Table 2. Fastness properties of compounds 2-10 Dye Washing Rubbing Sublimation Acid perspiration Light 75oC Dry Wet 180oC 210oC 4 h 2 3-4 4-5 4 4-5 4 4-5 7-8 3 4-5 4-5 4 4 4 4-5 7 4 4-5 4-5 4-5 4-5 4 4-5 7 5 4-5 4-5 4-5 4-5 4 4-5 7-8 6 4-5 4-5 4 4 4 4-5 7-8 7 4-5 4-5 4-5 4-5 4 4-5 7-8 8 4-5 4-5 4 4-5 4 4-5 7 9 4-5 4 4 4 4 4-5 7-8 10 4-5 4-5 4-5 4-5 4 4-5 7

The negative sign of ΔC indicates that the dyed fiber becomes duller than the standard but, a positive sign indicates that the dyed fiber become brighter than the standard. The negative sign of ΔH indicates that the colour directed to red colour while, a positive sign indicates that the colour directed to yellowish.

The values of K/S of compounds 2-10 vary from 0.43 to 2.70. The introduction of N-methylglucamine, pyrrolidine, piperazine and N-phenyl piperazine moieties in dyes 5, 6, 9 and 10, respectively increase the strength of K/S value and deepens the colour compared with the parent dye 2 (Table 1).

All dyes with (+ve ΔC) values and are brighter than the parent dye 2. All dyes with (-ve ΔL) values and are darker than the parent dye 2. The positive value of a* and b* indicates that all group shift the colour hues of the dye to reddish direction on the red-green axis and to yellowish direction in the yellow-blue axis, respectively.

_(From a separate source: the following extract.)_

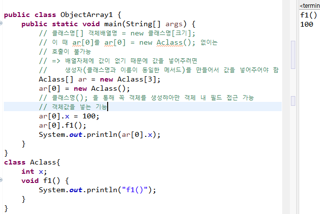 클래스명[ ] 객체배열명 = new 클래스명[크기];

2.2.2. Assessment of Colour Fastness

Most influences that can affect fastness are light, washing, heat and perspiration and atmospheric pollution. Conditions of such tests are chosen to correspond closely to treatments employed in manufacture and of ordinary use conditions[30]. Results are given after usual matching of tested samples against standard reference (the grey scale)[30]. The results revealed that these dyes have good fastness properties (Table 2).

3. Conclusion

Newly synthesized azo dyes incorporated antipyrine moiety seems to be interesting for application to polyester fabrics. Furthermore, optical measurements and fastness properties were investigated. Nine useful disperse dyes 2-10 were synthesized by diazo coupling of 4-aminoantipyrine with malononitrile followed by addition of different secondary amines to the obtained coupling product. The dyes 2-10 were investigated for their dyeing characteristic on polyester and showed good light, washing, heat and acid perspiration fastness. The remarkable degree of brightness after washings is indicative of good penetration and the excellent affinity of these dyes for the fabric due to the accumulation of polar groups. The results in general revealed the efficiency of the prepared compounds as new azo dyes.

4. Experimental

4.1. Synthesis

All melting points are recorded on Gallenkamp electric melting point apparatus. The IR spectra υ cm^-1 (KBr) were on Perkin Elmer Infrared Spectrophotometer Model 157, Grating. The ¹³C-NMR and ¹H-NMR spectra were run on Varian Spectrophotometer at 100 and 400 MHz, respectively, using tetramethylsilane (TMS) as an internal reference and using dimethylsulfoxide (DMSO-d₆) as solvent. The mass spectra (EI) were run at 70 eV with JEOL JMS600 equipment and/or a Varian MAT 311 A Spectrometer. Elemental analyses (C, H and N) were carried out at the Microanalytical Center of Cairo University, Giza, Egypt. The results were found to be in good agreement with the calculated values. 4-Amino antipyrine (1) (mp 106-110^oC) was purchased from Aldrich Company. The dyeing assessment, fastness tests, color measurements were carried out in El-Nasr Company for Spinning and Weaving El-Mahalla El-Kubra, Egypt.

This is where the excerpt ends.